Xiaoxiong-Liu opened this issue · 1 comments
Xiaoxiong-Liu commented
when I run the spark-tensorflow-connector example code:
from pyspark.sql.types import *
path = "test-output.tfrecord"
fields = [StructField("id", IntegerType()), StructField("IntegerCol", IntegerType()),
StructField("LongCol", LongType()), StructField("FloatCol", FloatType()),
StructField("DoubleCol", DoubleType()), StructField("VectorCol", ArrayType(DoubleType(), True)),
StructField("StringCol", StringType())]
schema = StructType(fields)
test_rows = [[11, 1, 23, 10.0, 14.0, [1.0, 2.0], "r1"], [21, 2, 24, 12.0, 15.0, [2.0, 2.0], "r2"]]
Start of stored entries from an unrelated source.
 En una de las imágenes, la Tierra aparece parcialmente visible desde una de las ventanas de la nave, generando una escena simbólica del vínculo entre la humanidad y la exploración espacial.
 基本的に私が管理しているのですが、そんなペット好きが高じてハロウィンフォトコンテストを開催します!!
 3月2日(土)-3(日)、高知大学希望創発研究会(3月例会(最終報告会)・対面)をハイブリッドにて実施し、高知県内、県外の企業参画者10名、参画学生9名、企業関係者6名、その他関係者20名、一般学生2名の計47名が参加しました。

rdd = spark.sparkContext.parallelize(test_rows)
df = spark.createDataFrame(rdd, schema)
df.write.format("tfrecords").option("recordType", "Example").save(path)
df = spark.read.format("tfrecords").option("recordType", "Example").load(path)
df.show()
I got this error:
---------------------------------------------------------------------------
Py4JJavaError Traceback (most recent call last)
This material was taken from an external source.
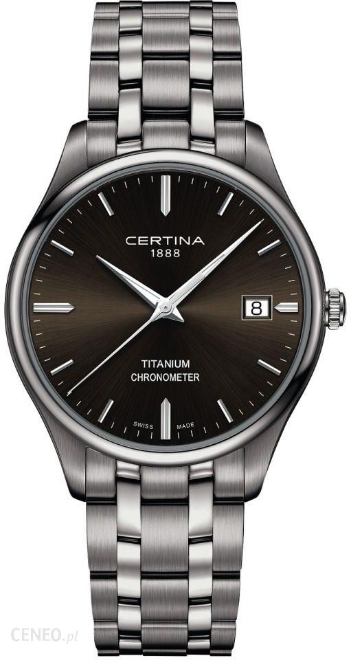 Początki marki CERTINA sięgają XIX wieku, kiedy to w 1888 roku bracia Adolf i Alfred Kurth założyli przedsiębiorstwo Kurth Freres SA w szwajcarskiej miejscowości Grenchen. Niewielki zakład zegarmistrzowski przylegał do ich rodzinnego domu, a trzej zatrudnieni pracownicy wykonywali mechanizmy oraz różnego rodzaju elementy używane do konstrukcji czasomierzy kieszonkowych. Takie były początki marki Certina. Od momentu powstania, aż do dziś Certina stawia na jakość i niezawodność swoich produktów. Precyzja, innowacyjność i niezawodność charakteryzują filozofię marki Certina. W 1959 roku Certina opracowała swój słynny system zabezpieczeń Double Security DS Concept, nadając swoim zegarkom wyjątkową wytrzymałość i nadzwyczajną wodoszczelność. Certina może pochwalić się wieloletnim zaangażowaniem w świat sportu. Marka jest szczególnie aktywna w obszarze sportów motorowych. Celem marki jest stałe podwyższanie poziomu obsługi jak również podnoszenie już bardzo wysokiej jakości produktów.W ofercie marki znajdziemy zegarki męskie oraz damskie. Klasyczne, eleganckie zegarki oraz te o bardziej sportowym charakterze. Czasomierze na bransoletach, paskach skórzanych, kauczukowych, a nawet na paskach typu NATO. Z pewnością każdy znajdzie dla siebie odpowiedni zegarek, dopasowany do swojego stylu i charakteru.Ten zegarek jest ciekawy, bo…Zegarek Certina DS-8 Titanium C033.451.44.081.00 to elegancki zegarek z okrągłą tarczą na tytanowej, polerowanej bransolecie. Koperta otrzymała rozmiar 40 mm, co jest wartością optymalną dla tego typu czasomierzy i wykonana została z tytanu. Tytan jest materiałem bardzo wytrzymałym, a przy tym bardzo lekkim, około 40% lżejszym od stali. Bransoleta wykonana z drobnych ogniw została idealnie dopasowana do obudowy, dzięki czemu możemy liczyć na bardzo wysoki komfort użytkowania. Tarcza otrzymała wyraziste indeksy oraz wskazówki w srebrnym kolorze, które idealnie kontrastują z grafitową, bardzo czytelną tarczą zegarka. Odpowiednio wykonany cyferblat oraz datownik umieszczony na godzinie 3, ożywiają czasomierz i nadają mu odpowiedniego charakteru. Wodoszczelność została ustalona na poziomie 100 m/10 ATM, co wydaje się być wartością wręcz idealną. Zachlapanie, mycie rąk a nawet deszcz nie spowodują przykrych dolegliwości, które mogą mieć wpływ na pracę mechanizmu. Czasomierz napędzany jest poprzez najwyższej jakości szwajcarski mechanizm kwarcowy zasilany baterią. Jest to oczywiście mechanizm, który zapewni nam precyzję i dokładność chodu na najwyższym poziomie.Warto go mieć na nadgarstkuMamy do czynienia z klasycznym, niezwykle eleganckim zegarkiem wyposażonym w szwajcarski mechanizm kwarcowy, który zapewni nam bezawaryjną funkcjonalność w codziennym użytkowaniu. Zegarek elegancki, ale też funkcjonalny i trwały. Wymarzony do stroju casualowego i sportowego. Zapewni doskonałe towarzystwo w biurze – w miejscu pracy, na spacerze i na wycieczce. Najwyższa jakość, zaawansowane mechanizmy i wzornictwo na światowym poziomie sprawiają, że mamy do czynienia z czasomierzem, który będzie naszym wiernym towarzyszem przez wiele lat. Oczywiście, aby czasomierz prezentował się odpowiednio, musi zostać wcześniej dopasowany. Bardzo ważna jest wielkość koperty, szerokość paska czy długość bransolety. Dlatego przy zakupie zegarka na bransolecie, na życzenie klienta bezpłatnie dopasowujemy długość bransolety zgodnie ze wskazanym obwodem nadgarstka.Nasza ocenaJuż na pierwszy rzut oka widać, że mamy do czynienia z wyjątkowym czasomierzem obok którego nie da się przejść obojętnie. Sprawdzone rozwiązania zarówno w kwestii wzornictwa jak i użytych materiałów czy mechanizmów sprawiają, że czasomierze tej marki cały czas zdobywają nowych zwolenników. Prosta, niezawodna konstrukcja oraz klasyczny design powodują, że zegarek świetnie sprawdza się w codziennym użytkowaniu. Jednakże nic nie stoi na przeszkodzie, aby założyć go do stroju bardziej eleganckiego, bowiem model ten pasuje zarówno do garnituru jak i casualowej marynarki. Perfekcyjne wykonanie, dbałość o detale i sprawdzone mechanizmy, tak właśnie prezentują się zegarki marki Certina. Naszym zdaniem to fantastyczny pomysł na prezent dla siebie ewentualnie podarunek dla bliskiej osoby. Ten piękny czasomierz zadowoli każdego, nawet najbardziej wymagającego miłośnika zegarków. Na osobną uwagę zasługują szkła stosowane przez producenta. W celu zapewnienia odpowiedniej przejrzystości oraz wytrzymałości Certina stosuje najwyższej jakości szkła szafirowe, które oferują celującą wręcz odporność na wszelkiego rodzaju uszkodzenia czy zarysowania. Jeśli potrzebujesz wiernego towarzysza, który będzie perfekcyjnie odmierzał mijający czas, to bez wątpienia jest to czasomierz idealny dla Ciebie.Jako oficjalny sprzedawca informujemy i gwarantujemyWszystkie zegarki oferowane w naszym sklepie są fabrycznie nowe, posiadają minimum 2-letnią gwarancję, firmowe opakowanie oraz wszystkie niezbędne dokumenty dostarczone przez producenta. Do zakupionego zegarka dołączany jest paragon zakupu lub na życzenie kupującego faktura VAT. Istnieje możliwość bezpłatnego dopasowania bransolety w naszym salonie stacjonarnym. Klienci którzy zdecydują się na zakup zegarka w naszym sklepie internetowym, także mogą liczyć na wstępne dopasowanie bransolety przed wysyłką.

<ipython-input-6-022e71162f7a> in <module>
----> 1 df.write.format("tfrecords").mode('overwrite').option("recordType", "Example").save(path)
2
/software/servers/10k/mart_scr/spark/python/pyspark/sql/readwriter.py in save(self, path, format, mode, partitionBy, **options)
737 self._jwrite.save()
738 else:
--> 739 self._jwrite.save(path)
740
741 @since(1.4)
/software/servers/10k/mart_scr/spark/python/lib/py4j-0.10.7-src.zip/py4j/java_gateway.py in __call__(self, *args)
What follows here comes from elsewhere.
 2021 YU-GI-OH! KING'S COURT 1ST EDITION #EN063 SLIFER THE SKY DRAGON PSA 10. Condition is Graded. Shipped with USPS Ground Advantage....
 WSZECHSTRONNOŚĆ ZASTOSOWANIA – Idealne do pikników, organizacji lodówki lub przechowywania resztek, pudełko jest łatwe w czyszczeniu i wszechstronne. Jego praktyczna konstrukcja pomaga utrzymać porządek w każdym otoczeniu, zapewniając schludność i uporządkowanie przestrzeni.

1255 answer = self.gateway_client.send_command(command)
1256 return_value = get_return_value(
-> 1257 answer, self.gateway_client, self.target_id, self.name)
1258
1259 for temp_arg in temp_args:
/software/servers/10k/mart_scr/spark/python/pyspark/sql/utils.py in deco(*a, **kw)
61 def deco(*a, **kw):
62 try:
---> 63 return f(*a, **kw)
64 except py4j.protocol.Py4JJavaError as e:
65 s = e.java_exception.toString()
/software/servers/10k/mart_scr/spark/python/lib/py4j-0.10.7-src.zip/py4j/protocol.py in get_return_value(answer, gateway_client, target_id, name)
326 raise Py4JJavaError(
327 "An error occurred while calling {0}{1}{2}.\n".
--> 328 format(target_id, ".", name), value)
329 else:
330 raise Py4JError(
Py4JJavaError: An error occurred while calling o312.save.
: org.apache.spark.SparkException: Job aborted.
at org.apache.spark.internal.io.SparkHadoopWriter$.write(SparkHadoopWriter.scala:100)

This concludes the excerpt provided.